Comprendo que muchos amigos no se conforman con apoyar a personajes que en primera línea participaron del gobierno anterior que malamente desperdició una gran oportunidad de rectificar el rumbo, pero es necesario comprender que hay una enorme diferencia entre el plano político y la imprescindible batalla cultural en el ámbito académico y la lucha por las ideas de fondo. En el primer plano debe recurrirse a un discurso que la opinión pública puede digerir, lo cual, a su turno depende del trabajo que se lleve a cabo en aquél segundo plano que es vital para correr el eje del debate y marcar agendas.

Por otra parte, es necesario que la nueva oposición ya constituida no corra el riesgo de perder otra vez el tren y la nueva dirigencia recurra a manifestaciones que no den lugar a interpretaciones ambiguas al efecto de atraer a sus filas a quienes están de muy buena fe estudiando la posibilidad de abrir otros espacios. No hay posibilidades de pérdidas de tiempo, no es suficiente declamar sobre indudables valores institucionales, es menester escarbar más hondo en las ideas por las que otrora fuimos un ejemplo para el mundo libre.

No corramos el tremebundo riesgo de quedarnos sin el pan y sin las tortas, no vaya a ser que se fraccione el espíritu republicano mientras la actual oposición se queda en declamaciones, útiles pero escasas. No es ni remotamente suficiente oponerse a los manotazos a la Justicia y equivalentes, es indispensable comprender que aquella cualidad significa “dar a cada uno lo suyo” y lo suyo remite a la fundamentalísima institución de la propiedad privada que inexorablemente se traduce en los mercados libres y el consiguiente respeto recíproco.
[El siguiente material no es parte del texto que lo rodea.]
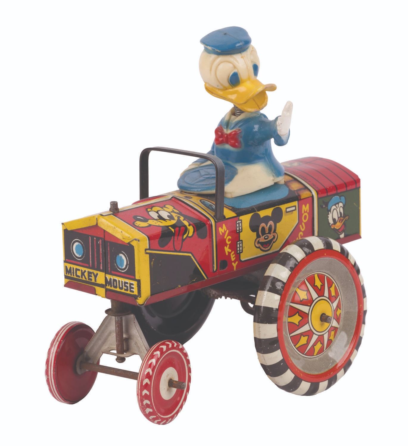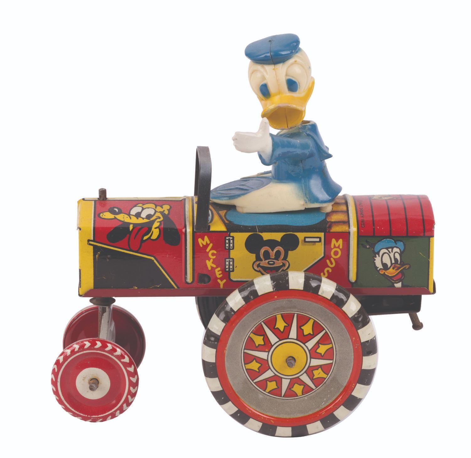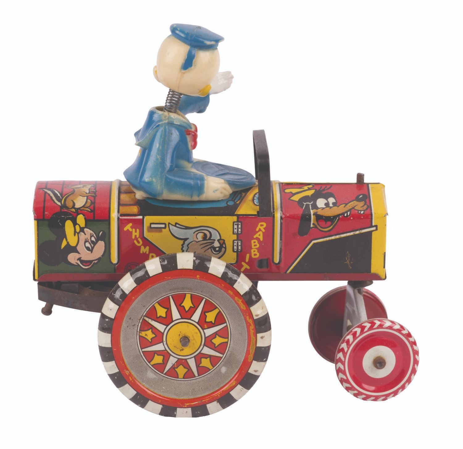 (LineMar, 1950s) A Disney Dipsy Car featuring tin-litho imagery of Disney characters with a plastic-headed Donald Duck at the wheel. Measuring 3.5" x 5.5" x 6" tall, the toy is in good working condition with light scuffs and scratches, and light oxidation to unpainted metal elements.

Los liberales no somos una manada, detestamos el pensamiento único de modo que los debates en este y otros temas son siempre bienvenidos. Estamos siempre en ebullición, nunca habrá un puerto definitivo, estamos siempre navegando en un ámbito evolutivo: como reza el lema de la Royal Society de Londres, nullius in verba, es decir no hay palabras finales.